Numerical evaluation of Coulomb integrals for 1, 2 and 3-electron distance operators, $R_{C1}^{-n}R_{D1}^{-m}$, $R_{C1}^{-n}r_{12}^{-m}$ and $r_{12}^{-n}r_{13}^{-m}$ with real $(n,m$) and the Descartes product of 3 dim. common density functional numerical integration scheme

TL;DR

This paper develops a numerical method to evaluate complex Coulomb integrals involving multiple electron and nucleus distances, extending existing schemes to higher dimensions for use in advanced quantum chemistry calculations.

Contribution

It generalizes the Becke-Lebedev-Voronoi numerical integration scheme to 6 and 9 dimensions for Coulomb integrals with real exponents, enabling calculations beyond analytical solutions.

Findings

Numerical scheme successfully evaluates higher-dimensional Coulomb integrals.

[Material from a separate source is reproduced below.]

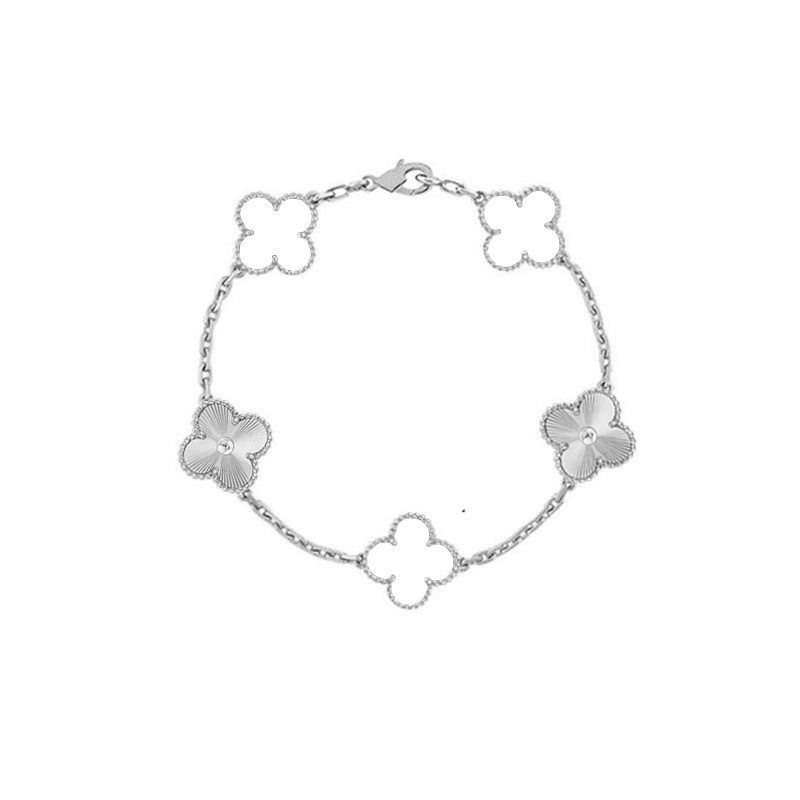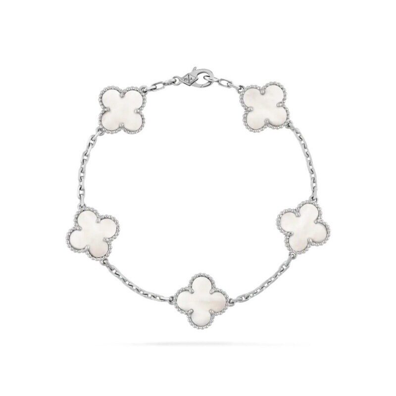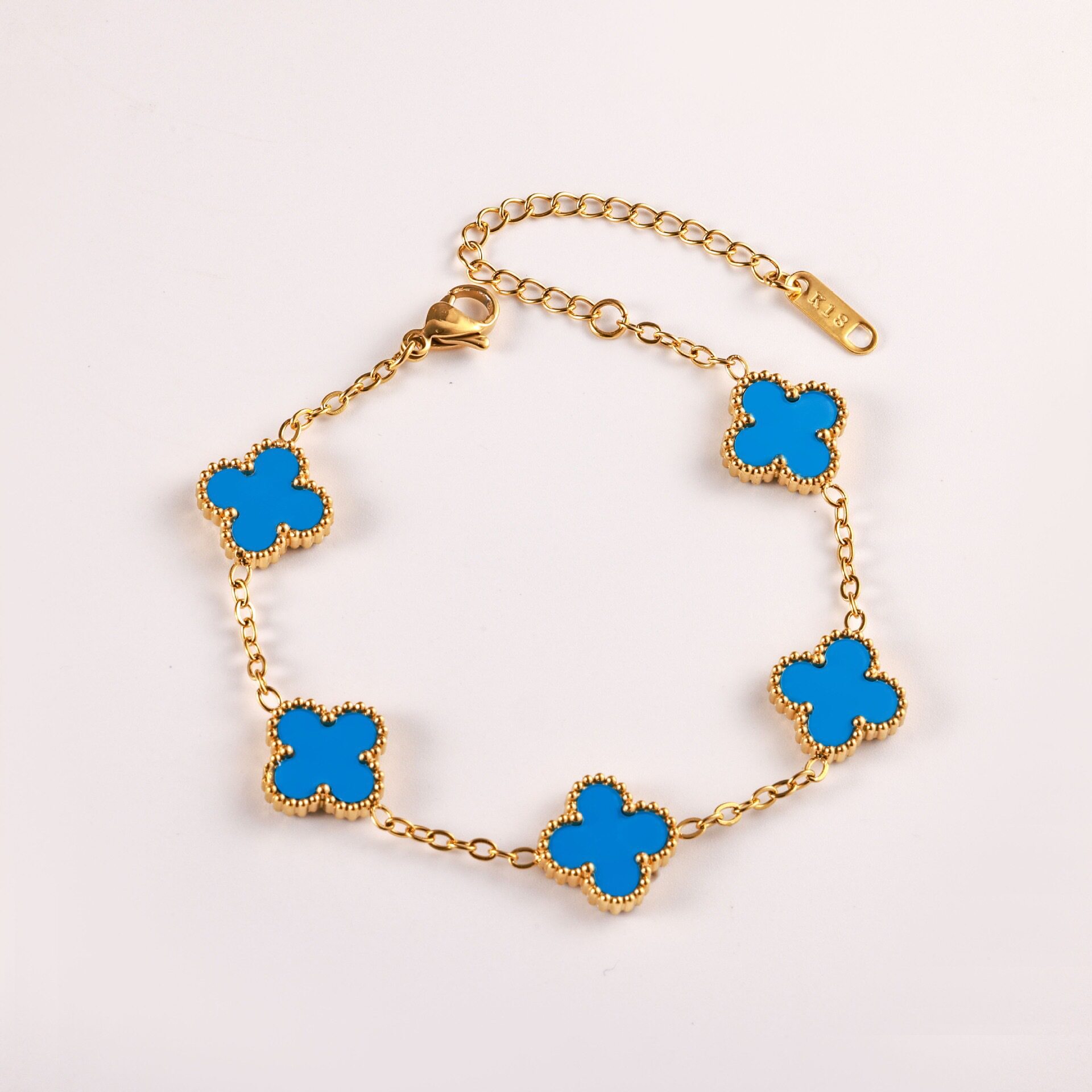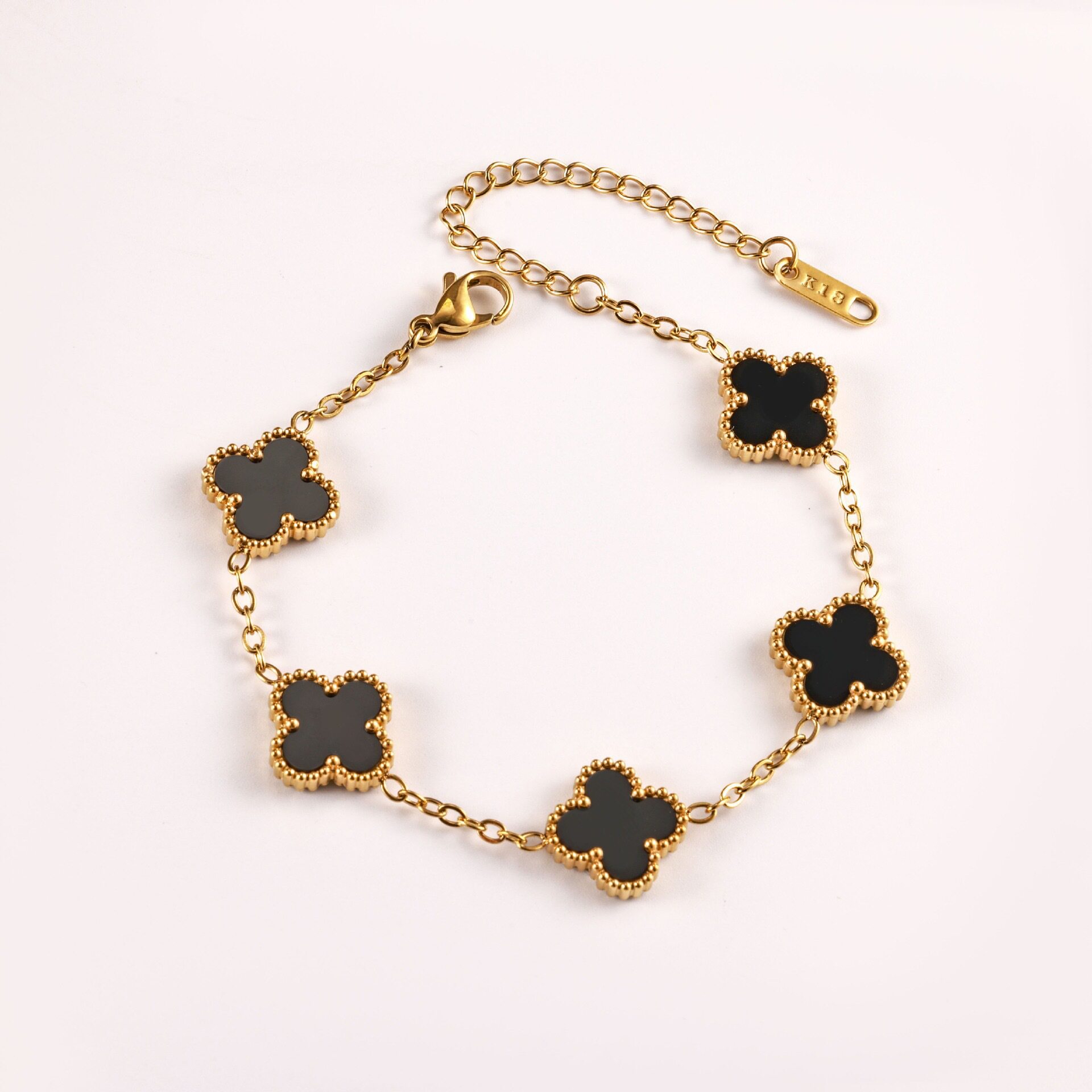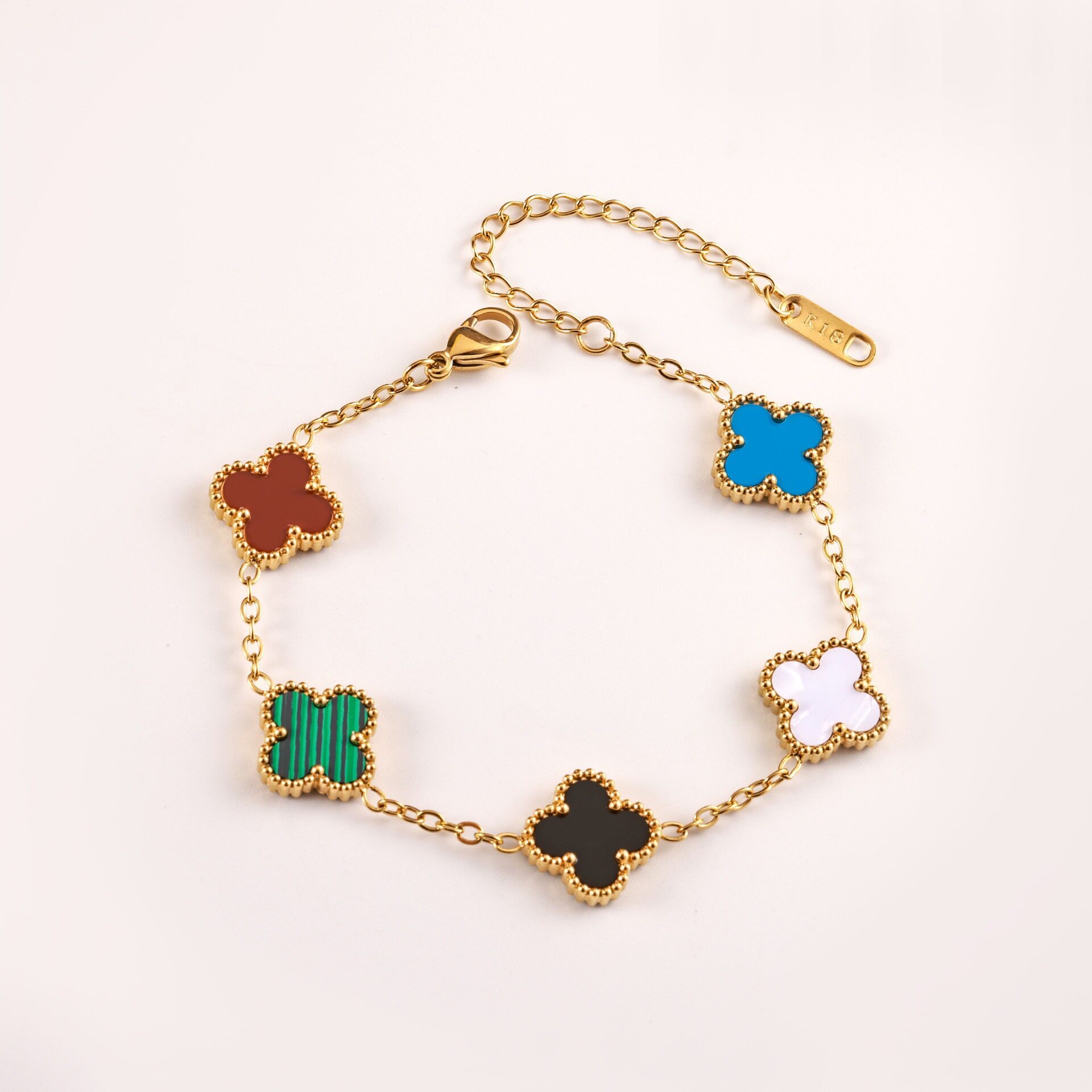 Four-leaf clover bracelet for women, light luxury and high-end 18K gold plated double-sided mother-of-pearl clover hand jewelry

Method works with Gaussian and Slater-type functions.

Applicable to correlation and higher moment calculations in quantum chemistry.

Abstract

Analytical solutions to integrals are far more useful than numeric, however, the former is not available in many cases. We evaluate integrals indicated in the title numerically that are necessary in some approaches in quantum chemistry. In the title, where R stands for nucleus-electron and r for electron-electron distances, the n, m= 0 case is trivial, the (n, m)= (1,0) or (0,1) cases are well known, a fundamental milestone in the integration and widely used in computational quantum chemistry, as well as analytical integration is possible if Gaussian functions are used. For the rest of the cases the analytical solutions are restricted, but worked out for some, e.g. for n, m= 0,1,2 with Gaussians. In this work we generalize the Becke-Lebedev-Voronoi 3 dimensions numerical integration scheme (commonly used in density functional theory) to 6 and 9 dimensions via Descartes product to evaluate integrals indicated in the title, and test it. This numerical recipe (up to Gaussian integrands with seed exp(-|r1|2), as well as positive and negative real n and m values) is useful for manipulation with higher moments of inter-electronic distances, for example, in correlation calculations; more, our numerical scheme works for Slaterian type functions with seed exp(-|r1|) as well.